** Opening Exercise data block **

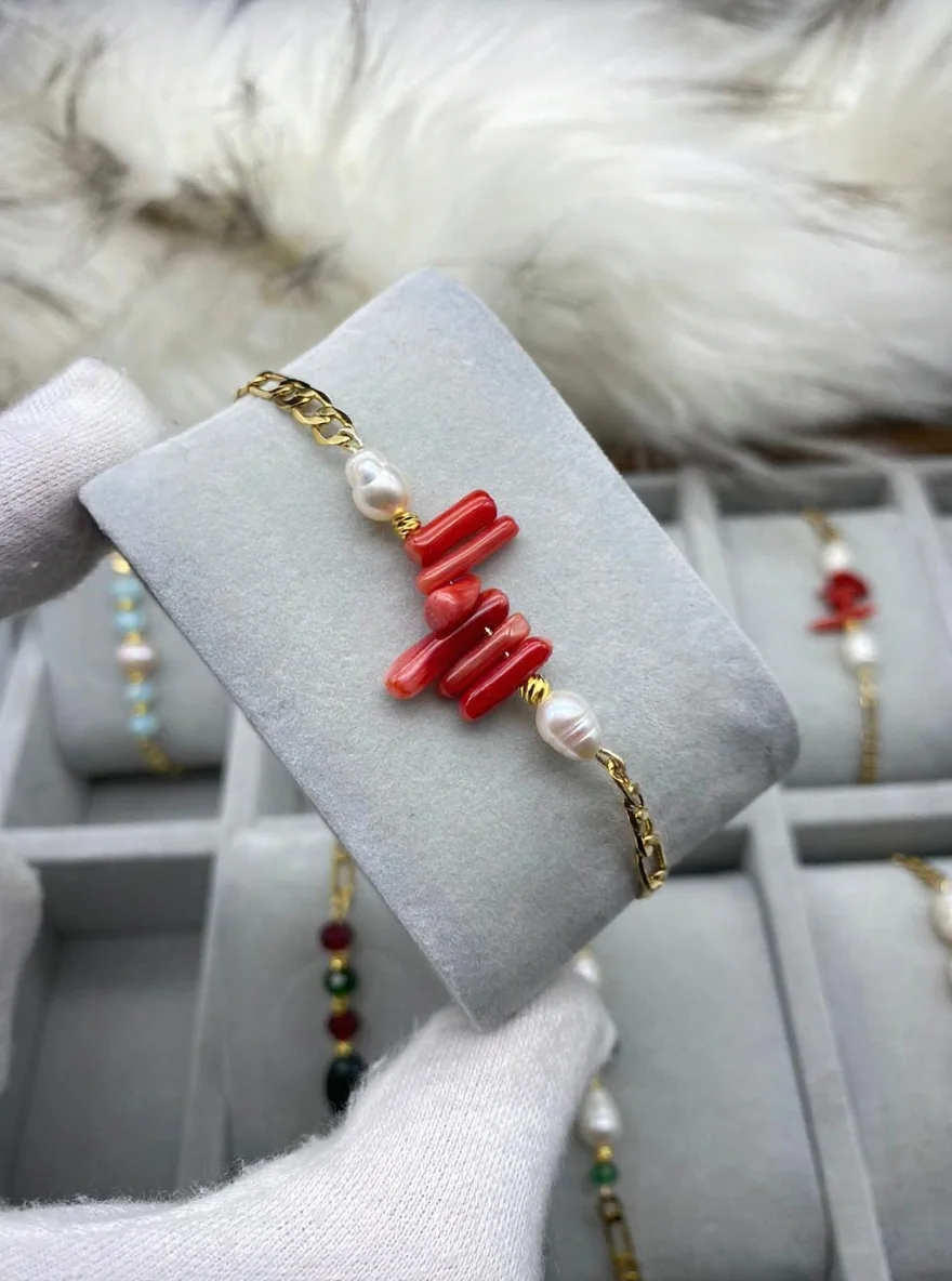 Gourmette en corail rouge ( Lmarjane ) et perle de culture ( joher hor ) avec une chaine plaquée en Or 18k
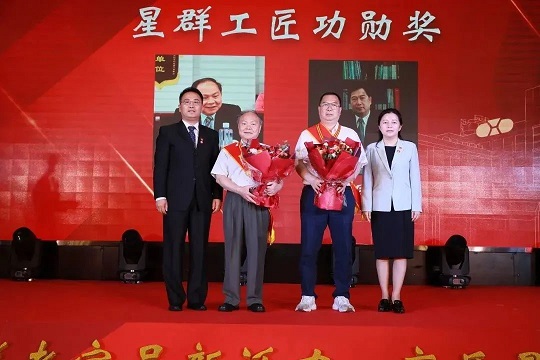 為星群工匠功勛獎(jiǎng)獲獎(jiǎng)?wù)撸涸S招懂(左二)頒獎(jiǎng)
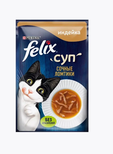 Сочные Ломтики - вкусное дополнение к ежедневному рациону, которое внесет разнообразие в питание Вашего любителя вкуснятины! Он по достоинству оценит нежные тонко нарезанные ломтики в большом количестве ароматного бульона! Ингредиенты: мясо и мясные ингредиенты (включая индейку), экстракты растительного белка, аминокислоты, загустители, сахара, рыба и продукты ее переработки, минеральные вещества, продукты переработки растительного сырья, дрожжи. Гарантированные показатели: влажность: 87,5%; белок: 7,5%; содержание жира: 1,5%; сырая зола: 1,8%; сырая клетчатка: 0,2%.
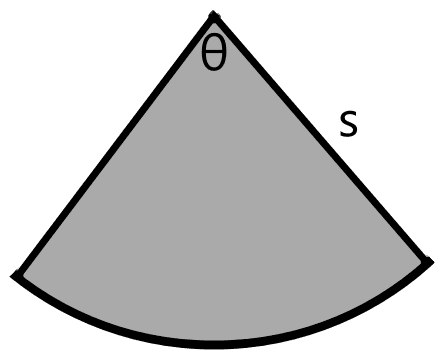 Let \(\theta\) be the central angle in radians, and let \(s\) be the radius of the sector. This means that \(s\) is also the slant height of the cone:
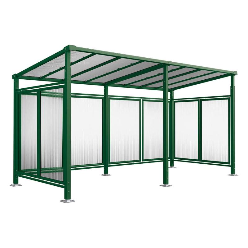 El Aparcabicis Cubierto Canfranc combina un diseño clásico con líneas modernas que encajan en cualquier espacio urbano. Fabricado con una estructura de acero de gran espesor y un sistema de cubierta en policarbonato alveolar con protección anti-UV, garantiza una protección total frente a la lluvia, granizo y exposición solar prolongada.
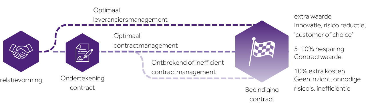Wat het u oplevert? Een optimalisatie van het behalen van waarde uit relaties en overeenkomsten. Ook voorkomt u dat er waarde weglekt uit uw contracten. Bovendien bouwt u aan sterke wederzijdse relaties met leveranciers, waardoor uw organisatie toegang krijgt tot kennis en innovaties in de markt .

** Closing Exercise data block **

Pictures aside, transcribe exactly the lines from the line containing "Let \(\theta\) be" through the final line of the material above.

### Solution
 Let \(\theta\) be the central angle in radians, and let \(s\) be the radius of the sector. This means that \(s\) is also the slant height of the cone:
 El Aparcabicis Cubierto Canfranc combina un diseño clásico con líneas modernas que encajan en cualquier espacio urbano. Fabricado con una estructura de acero de gran espesor y un sistema de cubierta en policarbonato alveolar con protección anti-UV, garantiza una protección total frente a la lluvia, granizo y exposición solar prolongada.
Wat het u oplevert? Een optimalisatie van het behalen van waarde uit relaties en overeenkomsten. Ook voorkomt u dat er waarde weglekt uit uw contracten. Bovendien bouwt u aan sterke wederzijdse relaties met leveranciers, waardoor uw organisatie toegang krijgt tot kennis en innovaties in de markt .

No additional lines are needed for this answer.